- **Your task**
With pictures removed, the data below should be returned exactly.

- **Data excerpts**
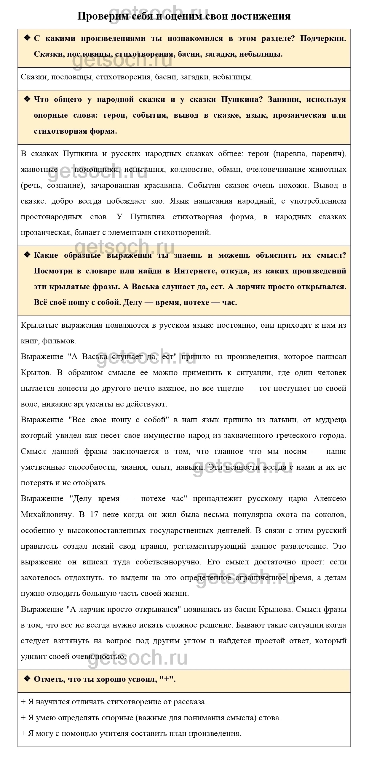 Что общего у народной сказки и у сказки Пушкина? Запиши, используя опорные слова: герои, события, вывод в сказке, язык, прозаическая или стихотворная форма.
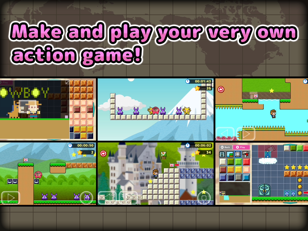 Du kannst Bodenblöcke, Ziegelblöcke und viele Arten von Fallen auswählen, um Level nach deinen Wünschen zu erstellen.
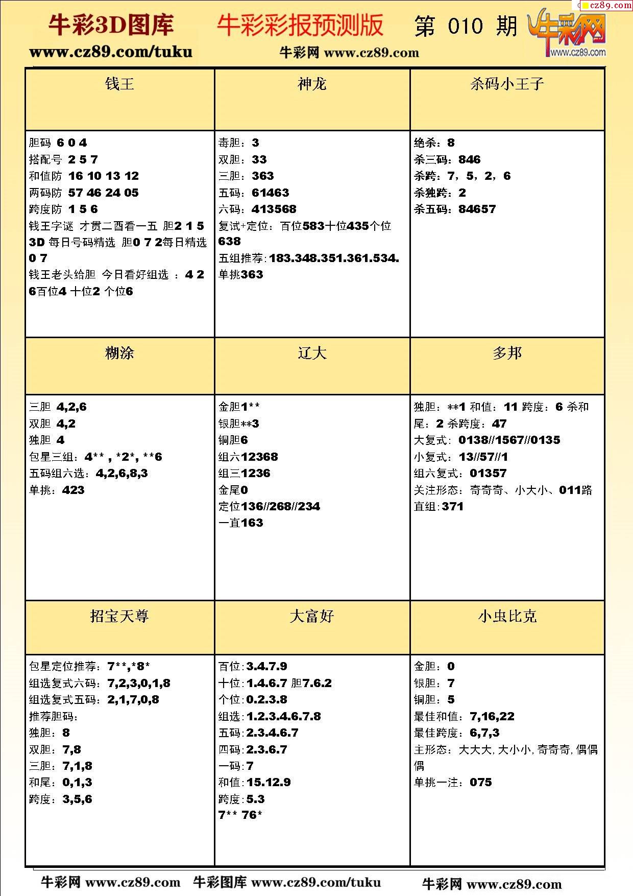 牛彩版3D预测彩报图26年010期打印版
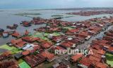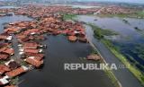 Foto udara rumah warga terdampak banjir di Pekalongan, Jawa Tengah, Kamis (4/2).  (FOTO : Antara/Harviyan Perdana Putra)
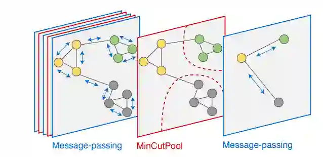 谱聚类(SC)是一种常用的聚类方法,该方法能够根据特征值分解找到联系密切的communities.谱聚类如果用到图网络上,一种自然而然的想法是对联系紧密的communities进行pooling,然后进行下一步的操作。但是谱分解涉及到拉普拉斯矩阵的分解,复杂度非常的高,另外如果pooling完,我们还要继续pooling,需要重新计算一次分解,这个过程是不可导的。另外谱聚类的方法没有用到节点的特征,只是根据拉普拉斯矩阵进行分解的。这篇论文非常巧妙地提出了一种minCUT的方法,可以求导,并且不需要进行谱分解,代码已经公开。
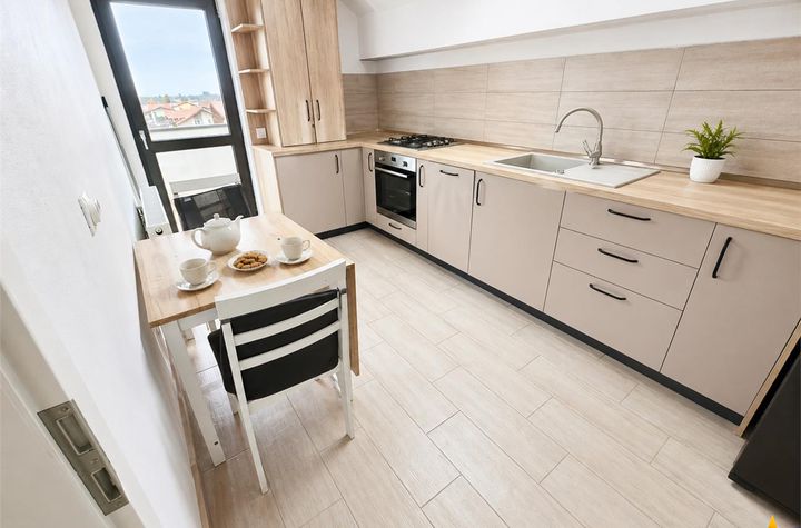 Garsoniera decomandata, orientare SV, suprafata utila 36 mp + terasa 10 mp, constructie 2020. Loc de parcare inclus cu carte funciara. Imobil izolat exterior, clasa energetica B, centrala termica Saunier Duval, incalzire prin calorifere, geamuri termopan Salamander cu 3 foi de sticla, gri antracit, costuri mici la incalzire. Acoperis izolat si acoperit cu tigla, placa de beton intre garsoniera si acoperis, spatiu de depozitare accesibil si posibilitate de extindere deasupra camerei cu o camera mansardabila. Se vinde mobilata si utilata, cu bucatarie echipata cu plita pe gaz, cuptor electric, masina de spalat vase, combina frigorifica, mobilier soft-close, spatii de depozitare si chiuveta granit. Baie cu aerisire naturala, dus walk-in, sanitare Hansgrohe si Roca, masina de spalat rufe. Camera cu coltar extensibil si mobila Laguna, hol cu usa metalica si mobilier Laguna. Finisaje: gresie, parchet, lavabila alba. Utilitati: gaz, curent, internet, cablu TV, canalizare.
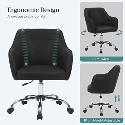Irodai szék, kényelmes asztali szék, állítható magasságú számítógépes szék, 120 kg, acél váz, művászon, légáteresztő, otthoni iroda, irodai, fekete:
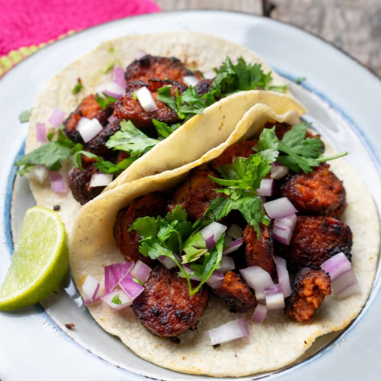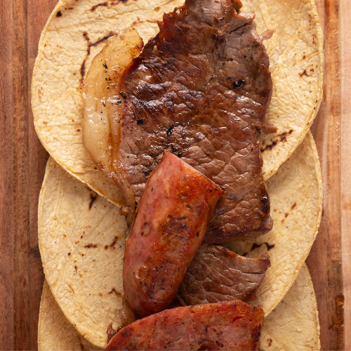 Tortilla de maíz rellena de chorizo argentino, acompañada de su salsita, cebolla y cilantro aparte.
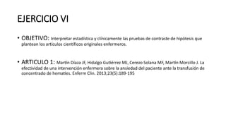 Este documento presenta las tareas de un ejercicio sobre la interpretación estadística y clínica de pruebas de contraste de hipótesis en artículos científicos enfermeros. Se analiza un artículo que estudia la efectividad de una intervención enfermera para reducir la ansiedad de pacientes ante una transfusión. Se identifican las variables sometidas a pruebas t de Student y se formulan las hipótesis nula y alternativa sobre los niveles de ansiedad antes y después de la intervención. Los resultados muestran que los n
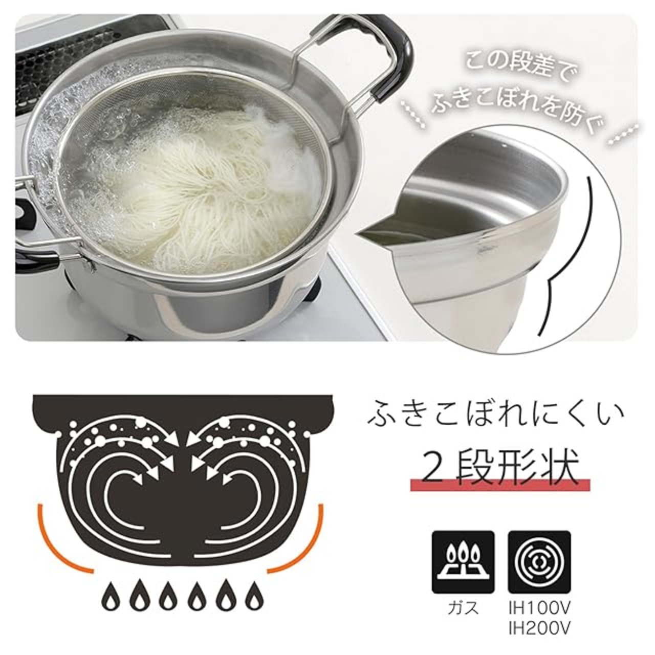 下村企販 両手鍋 ゆで名人 ザル付 22cm 【日本製】 ガス火・IH対応 ふきこぼれにくい 湯切りザル付き 麺が底にくっつかない 水切りしやすい 目の細かいアミ 4L ステンレス 燕三条 27045
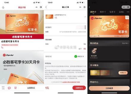 【必胜客1元开通免配送费月卡】微信打开地址->1元开通后秒到->必胜客每天免2次外送费,刚好需要的上
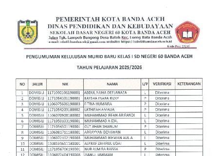 Pengumuman kelulusan SPMB SDN60 T.P 2025/2026 Daftar ulang bagi yang lulus di SD Negeri 60 Banda Aceh hari Jum'at dan Sabtu 27-28 Juli 2025 pukul 08.00-12.00 disekolah (harus daftar ulang dan bagi yang tidak daftar ulang sampai hari sabtu dianggap mengundurkan diri) Syarat berkas daftar ulang:1. Formulir Asli Pendaftaran yang sudah ditempel foto 4x6 (yan...

- **Written solution**
 Что общего у народной сказки и у сказки Пушкина? Запиши, используя опорные слова: герои, события, вывод в сказке, язык, прозаическая или стихотворная форма.
 Du kannst Bodenblöcke, Ziegelblöcke und viele Arten von Fallen auswählen, um Level nach deinen Wünschen zu erstellen.
 牛彩版3D预测彩报图26年010期打印版
 Foto udara rumah warga terdampak banjir di Pekalongan, Jawa Tengah, Kamis (4/2).  (FOTO : Antara/Harviyan Perdana Putra)
 谱聚类(SC)是一种常用的聚类方法,该方法能够根据特征值分解找到联系密切的communities.谱聚类如果用到图网络上,一种自然而然的想法是对联系紧密的communities进行pooling,然后进行下一步的操作。但是谱分解涉及到拉普拉斯矩阵的分解,复杂度非常的高,另外如果pooling完,我们还要继续pooling,需要重新计算一次分解,这个过程是不可导的。另外谱聚类的方法没有用到节点的特征,只是根据拉普拉斯矩阵进行分解的。这篇论文非常巧妙地提出了一种minCUT的方法,可以求导,并且不需要进行谱分解,代码已经公开。
 Garsoniera decomandata, orientare SV, suprafata utila 36 mp + terasa 10 mp, constructie 2020. Loc de parcare inclus cu carte funciara. Imobil izolat exterior, clasa energetica B, centrala termica Saunier Duval, incalzire prin calorifere, geamuri termopan Salamander cu 3 foi de sticla, gri antracit, costuri mici la incalzire. Acoperis izolat si acoperit cu tigla, placa de beton intre garsoniera si acoperis, spatiu de depozitare accesibil si posibilitate de extindere deasupra camerei cu o camera mansardabila. Se vinde mobilata si utilata, cu bucatarie echipata cu plita pe gaz, cuptor electric, masina de spalat vase, combina frigorifica, mobilier soft-close, spatii de depozitare si chiuveta granit. Baie cu aerisire naturala, dus walk-in, sanitare Hansgrohe si Roca, masina de spalat rufe. Camera cu coltar extensibil si mobila Laguna, hol cu usa metalica si mobilier Laguna. Finisaje: gresie, parchet, lavabila alba. Utilitati: gaz, curent, internet, cablu TV, canalizare.
Irodai szék, kényelmes asztali szék, állítható magasságú számítógépes szék, 120 kg, acél váz, művászon, légáteresztő, otthoni iroda, irodai, fekete:
 Tortilla de maíz rellena de chorizo argentino, acompañada de su salsita, cebolla y cilantro aparte.
 Este documento presenta las tareas de un ejercicio sobre la interpretación estadística y clínica de pruebas de contraste de hipótesis en artículos científicos enfermeros. Se analiza un artículo que estudia la efectividad de una intervención enfermera para reducir la ansiedad de pacientes ante una transfusión. Se identifican las variables sometidas a pruebas t de Student y se formulan las hipótesis nula y alternativa sobre los niveles de ansiedad antes y después de la intervención. Los resultados muestran que los n
 下村企販 両手鍋 ゆで名人 ザル付 22cm 【日本製】 ガス火・IH対応 ふきこぼれにくい 湯切りザル付き 麺が底にくっつかない 水切りしやすい 目の細かいアミ 4L ステンレス 燕三条 27045
 【必胜客1元开通免配送费月卡】微信打开地址->1元开通后秒到->必胜客每天免2次外送费,刚好需要的上
 Pengumuman kelulusan SPMB SDN60 T.P 2025/2026 Daftar ulang bagi yang lulus di SD Negeri 60 Banda Aceh hari Jum'at dan Sabtu 27-28 Juli 2025 pukul 08.00-12.00 disekolah (harus daftar ulang dan bagi yang tidak daftar ulang sampai hari sabtu dianggap mengundurkan diri) Syarat berkas daftar ulang:1. Formulir Asli Pendaftaran yang sudah ditempel foto 4x6 (yan...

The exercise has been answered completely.